Baltimore County next to reconsider plastic bags

Baltimore County lawmakers could be the latest to consider restrictions on plastic shopping bags.

Perry Hall Democrat Vince Gardina is sponsoring a resolution that directs county auditors to investigate a policy that “encourages the discontinuance” of plastic bags in Baltimore County’s retail stores.

“It’s not proposing a ban necessarily,” Gardina said at a council work session Tuesday. “Banning plastic bags is not necessarily accepted in environmental circles as a benefit, either. I’m not pushing one option or another.”

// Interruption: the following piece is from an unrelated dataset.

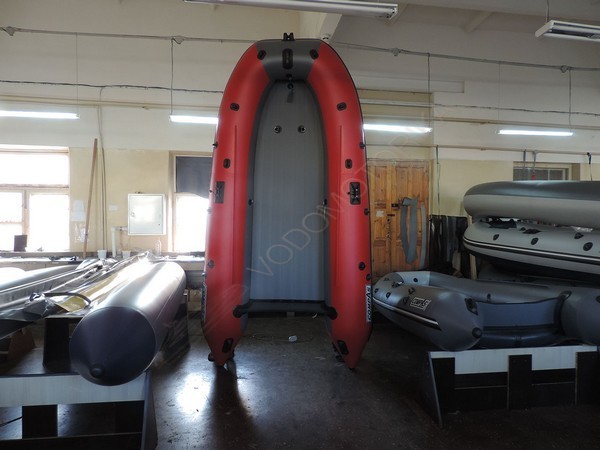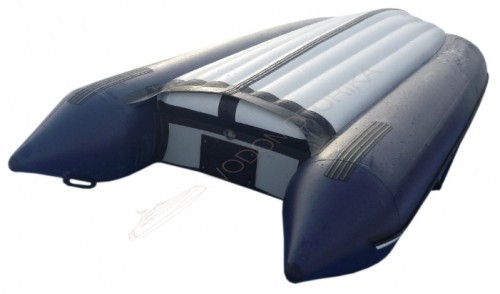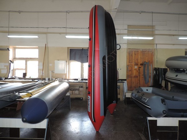 Лодка Compas 430 с надувным дном низкого давления (нднд) с заданной килеватостью.Способ крепления надувного дна к баллонам исключает взаимный износ и запатентован.

Grocers who said they are already battling escalating food prices successfully fought proposed bans on plastic bags in Baltimore City, Annapolis and at the state level this year. Supporters said the bags can take 1,000 years to break down in a landfill and threaten wild life.

Supermarket lobbyists told legislators in Baltimore City that paper bags require four times as much energy to manufacture and ship than plastic, and cost about 5 cents per bag compared with 2 cents for plastic.

The Baltimore County Council is scheduled to vote on Gardina’s resolution at its meeting Monday. No one came to testify either in favor or against the study, but lawmakers said they aren’t ready to pass binding legislation anytime soon.

“I can’t imagine us passing a law that gives an economic disadvantage to city businesses,” said council Chairman Kevin Kamenetz, a Pikesville Democrat.